### Task directions:
A faithful, picture-free copy of the listing below is required.

Start of Records to use

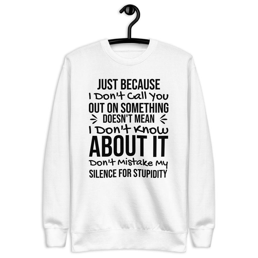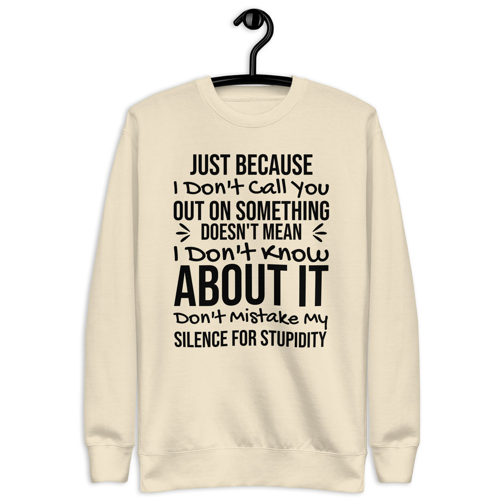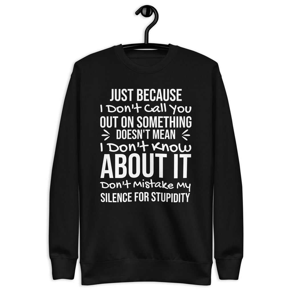 Stay bold and unapologetic in the “Just Because I Don’t Call You Out on Something Doesn’t Mean I Don’t Know About It — Don’t Mistake My Silence for Stupidity” sweatshirt. With its sharp and clever message, this design is perfect for anyone who values observation over confrontation and isn’t afraid to let their style do the talking.
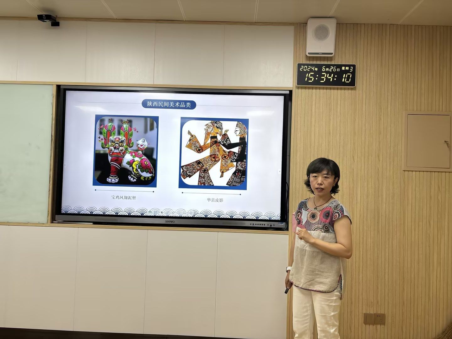 视觉传达设计专业教师杨柳围绕课程《民间美术》进行了教学示范。杨老师将课程知识要点和其所蕴含思政元素一一对应并有效融合,通过民间美术的形式、类型、内容,一方面使学生深刻了解国家的历史变迁,产生情感上的认同、回归,另一方面提升了学生的人文素养、构建文化认同、引导学生树立正确价值观,体会“为人民而生,因人民而兴”的为人民服务的理念。
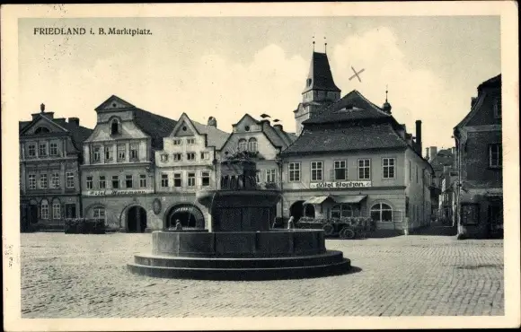 Ak Frýdlant v Čechách Friedland Reg. Reichenberg, Marktplatz, Brunnenanlage
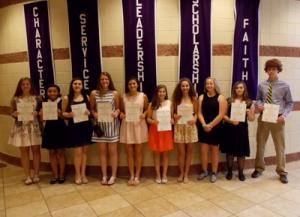 The Chancellor Chapter of the National Honor Society at St. Thomas More Academy inducted 12 students into membership. They are Mary Rose McArtor, Asia Poole, Marissa Garzarella, Elise Conlin, Sophia Stafford, Giulia Randazzo, Zoe Kelly, Ryan Anderson, Syla Lahiff, John Magee, Nicholas Olsen and Nicole Pinera.
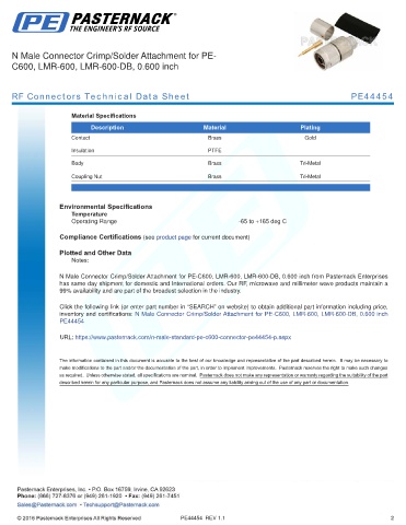 RF Connectors Technical Data Sheet PE44454
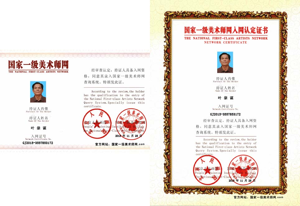 叶崇谋,别名叶成舟、劲舟,1971年生,广东省海丰县人,现定居深圳。早年肄业于赣南师范学院艺术系,1996年毕业于北京建设大学美术设计学院,师益于袁运甫、钱绍武、李燕、朱曜奎、黄能馥、蒋峰等名师,北京人民画院艺术家、大潮汕书画院副院长、香港书画院特聘画家、国家一级美术师。作品或艺术活动见诸中央电视台、深圳电视台、汕尾电视台、宝安电视台、《中国书画报》、《中国贸易报》、《深圳晚报》、《汕尾日报》、《宝安日报》、《特区教育》等媒体,并曾在北京中国美术馆、北京劳动人民文化宫、天津国际展览中心以及韩国首尔、美国洛杉矶等地展出, 2011年第26届世界大学生运动会在深圳开幕之际,美术作品参加市府相关部门招标被选用,绘于龙岗深惠路主干道茂业城的墙面上,荣获“2013年度百名作品最具收藏潜力艺术家”荣誉称号,2014、2015年作品被邀献礼全国两会,出版有个人作品集及为多种图书绘制插图。
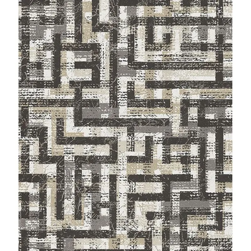 This geometric wallpaper is a unique print with an abstract woven design. Shades of black, grey, white, and taupe create a neutral yet intriguing print. Shimmering metallic accents add a touch of glamour.
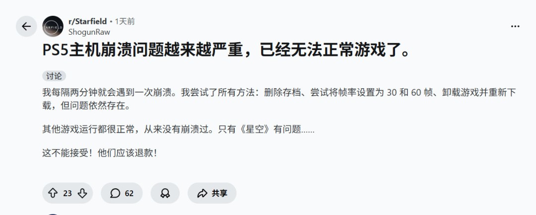 《星空》PS5版频繁崩溃 玩家出现退款潮
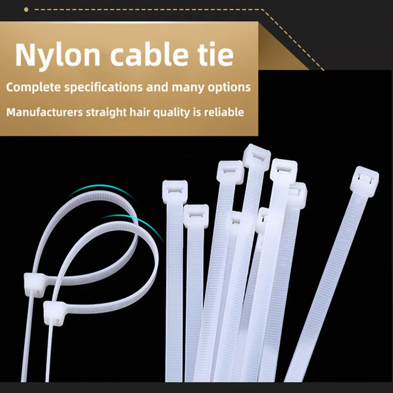 100 케이블 타이 고품질 플라스틱 케이블 타이 50 lb 인장 강도 자동 잠금 흑백 나일론 타이
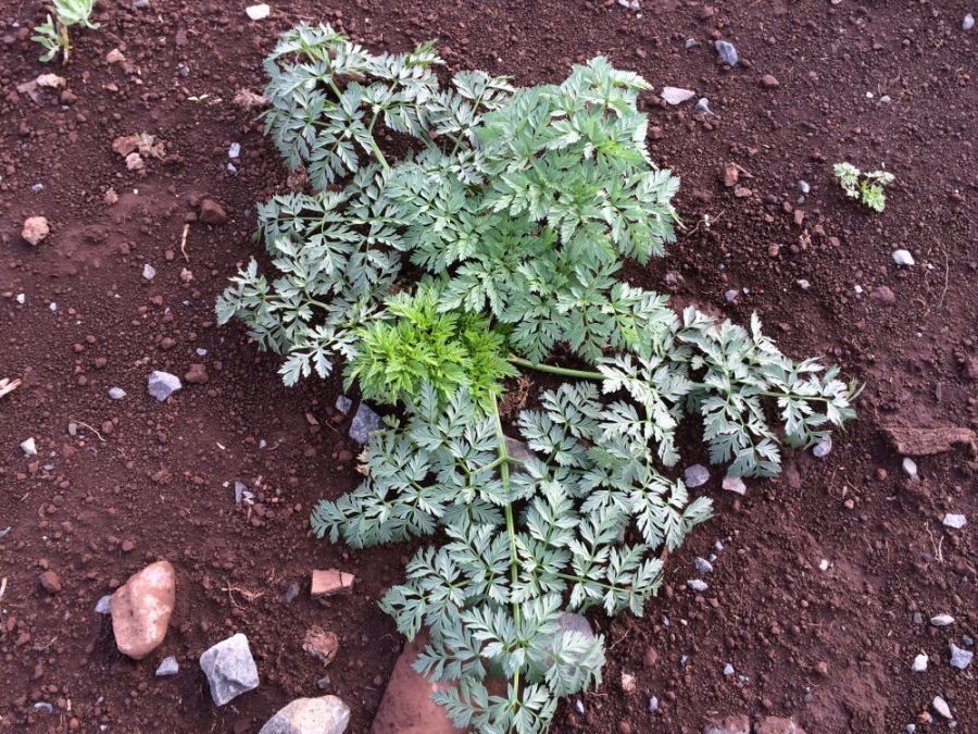 It has fern like leaves and has white flowers which form umbrella like arrangements at the top of the plant.
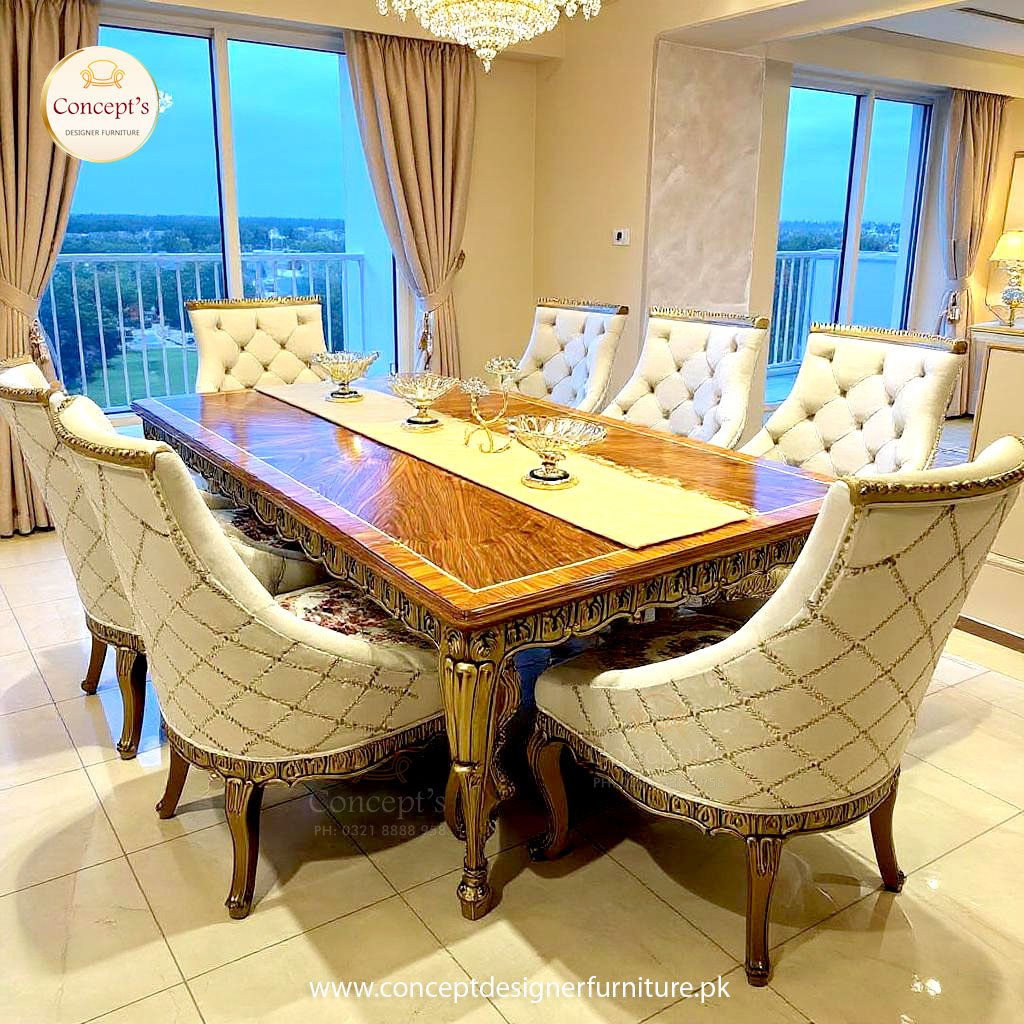Discover timeless sophistication with the Pearl Essence Dining Table, exclusively from Concept Designer Furniture in Lahore. Designed to be the centerpiece of your dining space. Perfect for both modern homes in Pakistan and classic interiors, this luxury dining table in Lahore is crafted for those who appreciate elegance, durability, and exclusivity.
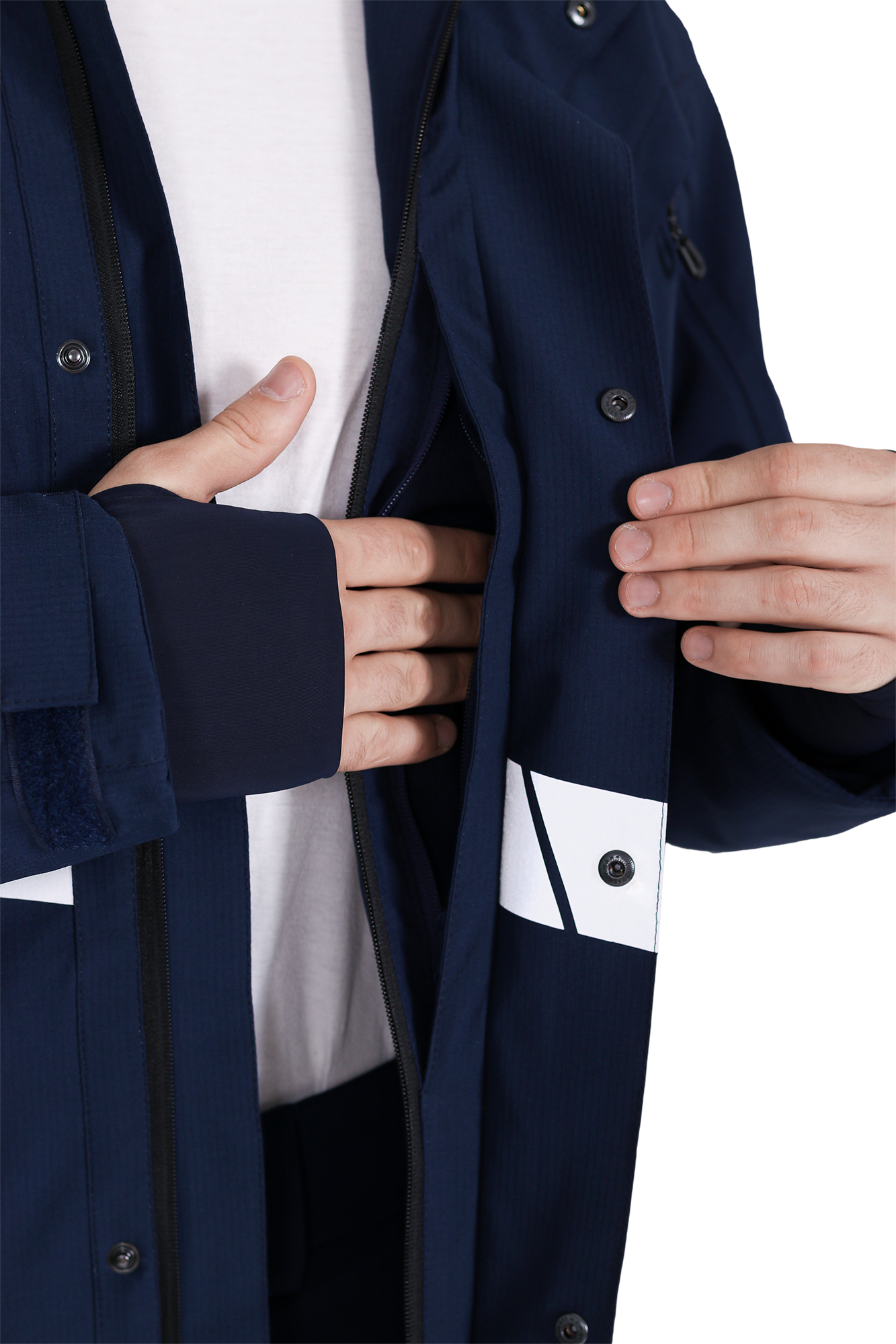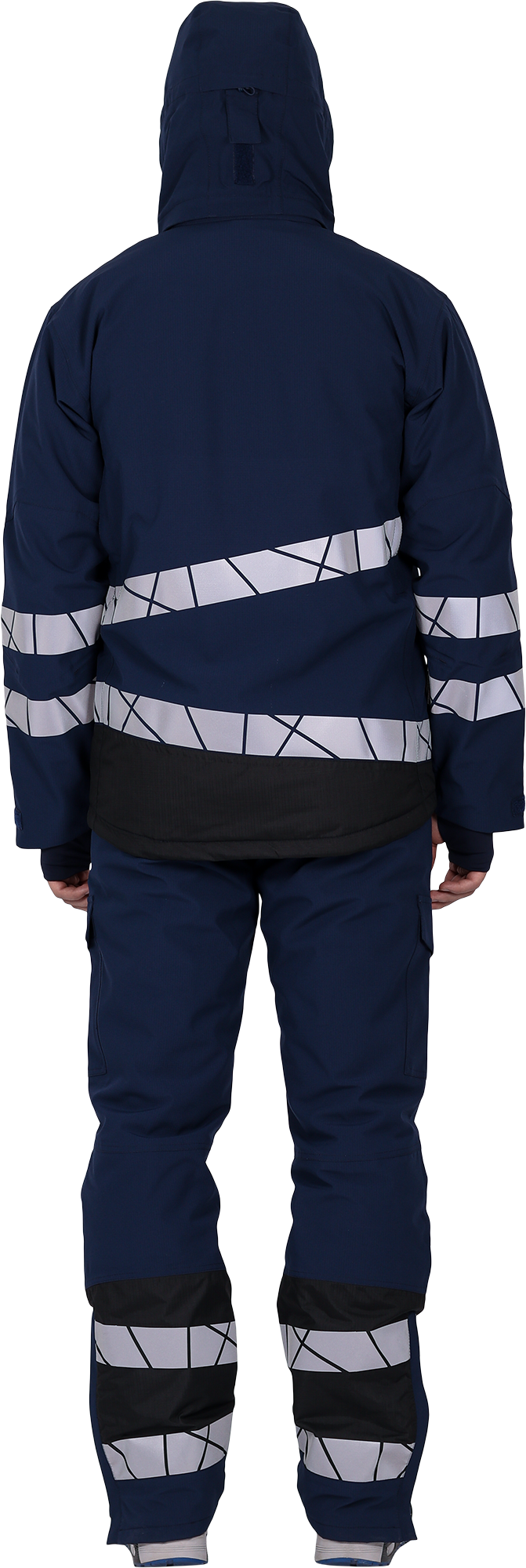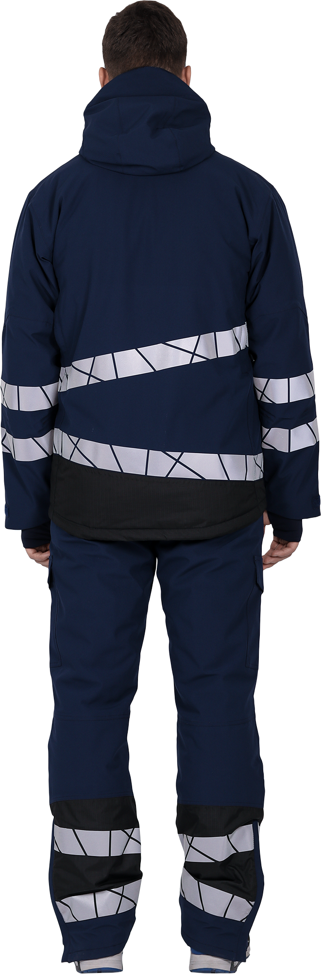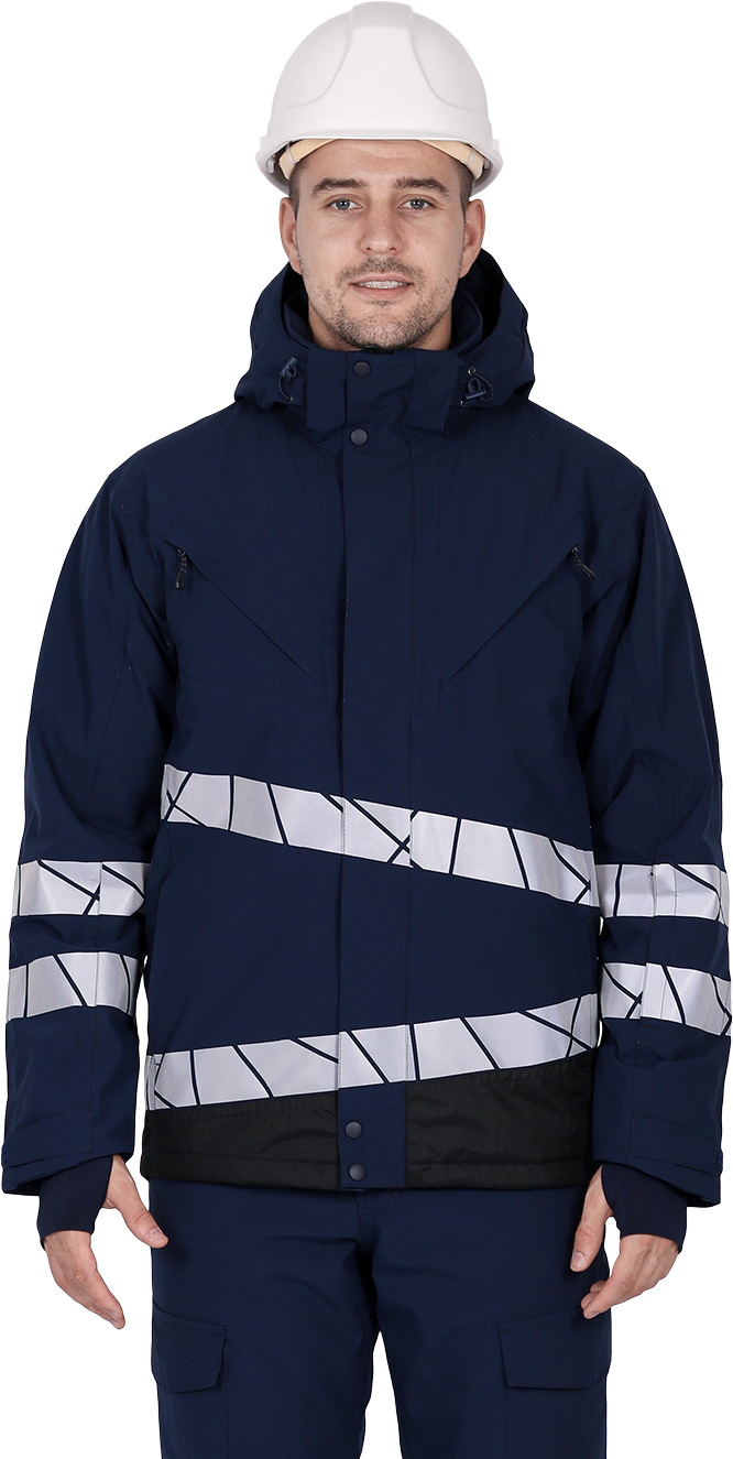 • две охватывающие термолкеевые световозвращающие полосы шириной 50 мм по торсу куртки и рукавам

End of Records to use

### Reply:
 Stay bold and unapologetic in the “Just Because I Don’t Call You Out on Something Doesn’t Mean I Don’t Know About It — Don’t Mistake My Silence for Stupidity” sweatshirt. With its sharp and clever message, this design is perfect for anyone who values observation over confrontation and isn’t afraid to let their style do the talking.
 视觉传达设计专业教师杨柳围绕课程《民间美术》进行了教学示范。杨老师将课程知识要点和其所蕴含思政元素一一对应并有效融合,通过民间美术的形式、类型、内容,一方面使学生深刻了解国家的历史变迁,产生情感上的认同、回归,另一方面提升了学生的人文素养、构建文化认同、引导学生树立正确价值观,体会“为人民而生,因人民而兴”的为人民服务的理念。
 Ak Frýdlant v Čechách Friedland Reg. Reichenberg, Marktplatz, Brunnenanlage
 The Chancellor Chapter of the National Honor Society at St. Thomas More Academy inducted 12 students into membership. They are Mary Rose McArtor, Asia Poole, Marissa Garzarella, Elise Conlin, Sophia Stafford, Giulia Randazzo, Zoe Kelly, Ryan Anderson, Syla Lahiff, John Magee, Nicholas Olsen and Nicole Pinera.
 RF Connectors Technical Data Sheet PE44454
 叶崇谋,别名叶成舟、劲舟,1971年生,广东省海丰县人,现定居深圳。早年肄业于赣南师范学院艺术系,1996年毕业于北京建设大学美术设计学院,师益于袁运甫、钱绍武、李燕、朱曜奎、黄能馥、蒋峰等名师,北京人民画院艺术家、大潮汕书画院副院长、香港书画院特聘画家、国家一级美术师。作品或艺术活动见诸中央电视台、深圳电视台、汕尾电视台、宝安电视台、《中国书画报》、《中国贸易报》、《深圳晚报》、《汕尾日报》、《宝安日报》、《特区教育》等媒体,并曾在北京中国美术馆、北京劳动人民文化宫、天津国际展览中心以及韩国首尔、美国洛杉矶等地展出, 2011年第26届世界大学生运动会在深圳开幕之际,美术作品参加市府相关部门招标被选用,绘于龙岗深惠路主干道茂业城的墙面上,荣获“2013年度百名作品最具收藏潜力艺术家”荣誉称号,2014、2015年作品被邀献礼全国两会,出版有个人作品集及为多种图书绘制插图。
 This geometric wallpaper is a unique print with an abstract woven design. Shades of black, grey, white, and taupe create a neutral yet intriguing print. Shimmering metallic accents add a touch of glamour.
 《星空》PS5版频繁崩溃 玩家出现退款潮
 100 케이블 타이 고품질 플라스틱 케이블 타이 50 lb 인장 강도 자동 잠금 흑백 나일론 타이
 It has fern like leaves and has white flowers which form umbrella like arrangements at the top of the plant.
Discover timeless sophistication with the Pearl Essence Dining Table, exclusively from Concept Designer Furniture in Lahore. Designed to be the centerpiece of your dining space. Perfect for both modern homes in Pakistan and classic interiors, this luxury dining table in Lahore is crafted for those who appreciate elegance, durability, and exclusivity.
 • две охватывающие термолкеевые световозвращающие полосы шириной 50 мм по торсу куртки и рукавам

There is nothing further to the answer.